=== Supplied information ===

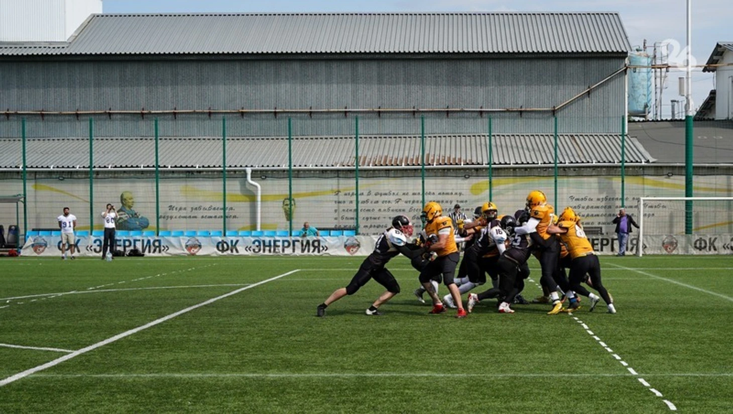 Погода выдалась хорошей: солнце светило ярко, но не создавало той жары, которая была на прошлой неделе. Иначе в шлемах и защите игроки чувствовали бы себя не слишком комфортно. Тем более что каждой команде, собравшейся на турнир, надо было сыграть сразу по две игры, по системе «каждый каждым». Матчи проходили в формате арена-футбола. Если в традиционном на поле находится 22 игрока, то в данном случае — по семь с каждой стороны. И размер площадки, соответственно, меньше. Американский футбол гибок в выборе формата матчей.
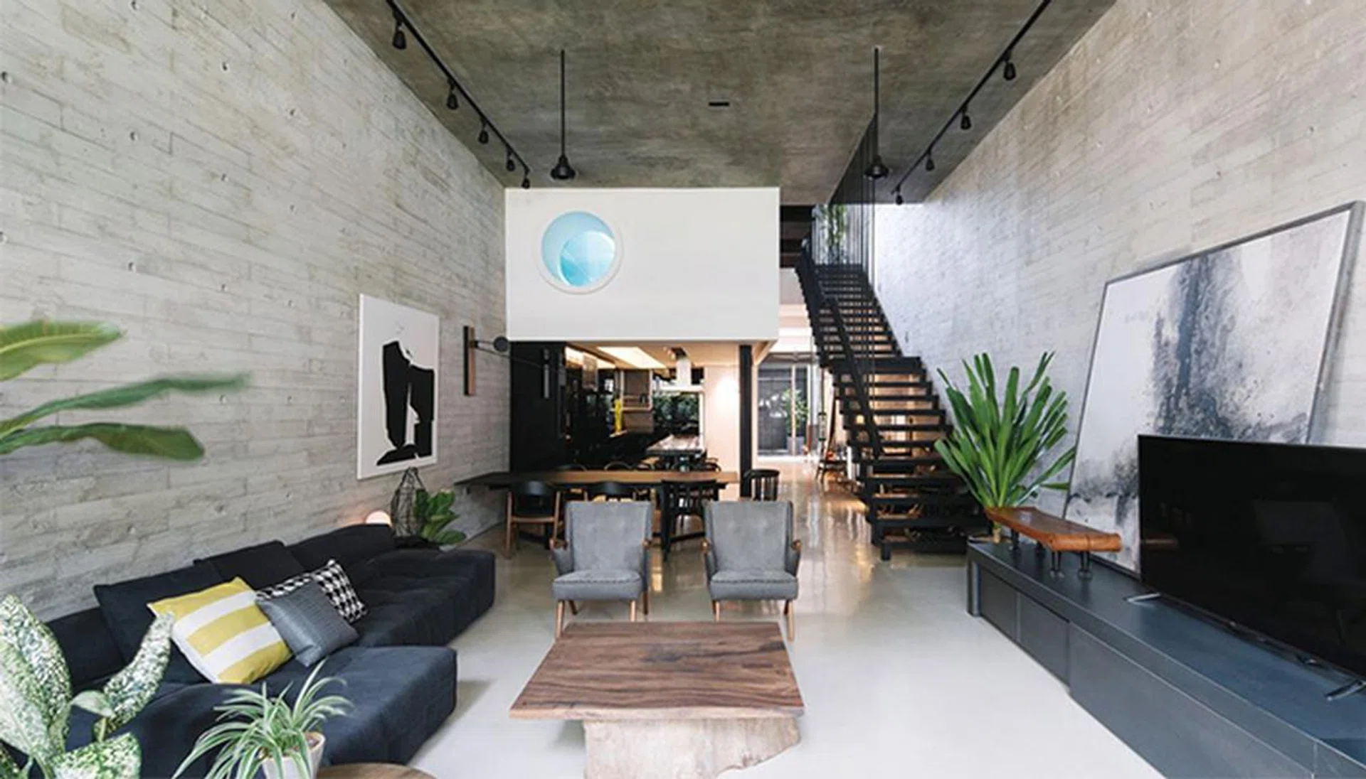 Located off the main road in suburban Siglap, this four-storey inter-terrace house doesn’t give away much at first glance. Through its perforated black ash wood and steel facade, you catch glimpses of foliage, hinting at the surprises within.
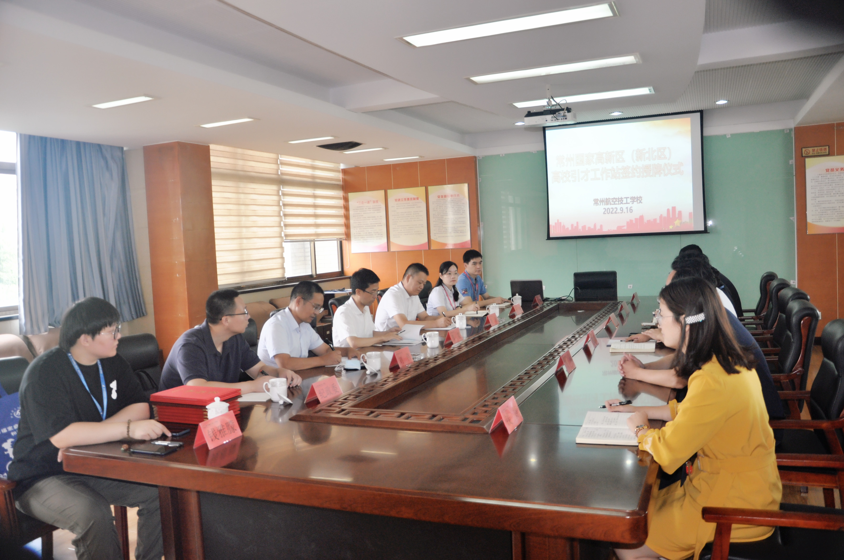 为深入贯彻落实习近平总书记关于深入实施新时代人才强国战略,全方位培养、引进、用好人才重要指示精神。为进一步加强人才引进与培养,深化校政企三方合作与交流,推动新北区人才队伍建设。9月16日上午,在常州航空技工学校举行常州国家高新区(新北区)高校引才工作站签约授牌仪式。

===

== What the exercise asks ==
I need the lines from the line containing "Located off the" through the final line of the listing duplicated exactly, both ends included, with no pictures and nothing else.

== Solution ==
 Located off the main road in suburban Siglap, this four-storey inter-terrace house doesn’t give away much at first glance. Through its perforated black ash wood and steel facade, you catch glimpses of foliage, hinting at the surprises within.
 为深入贯彻落实习近平总书记关于深入实施新时代人才强国战略,全方位培养、引进、用好人才重要指示精神。为进一步加强人才引进与培养,深化校政企三方合作与交流,推动新北区人才队伍建设。9月16日上午,在常州航空技工学校举行常州国家高新区(新北区)高校引才工作站签约授牌仪式。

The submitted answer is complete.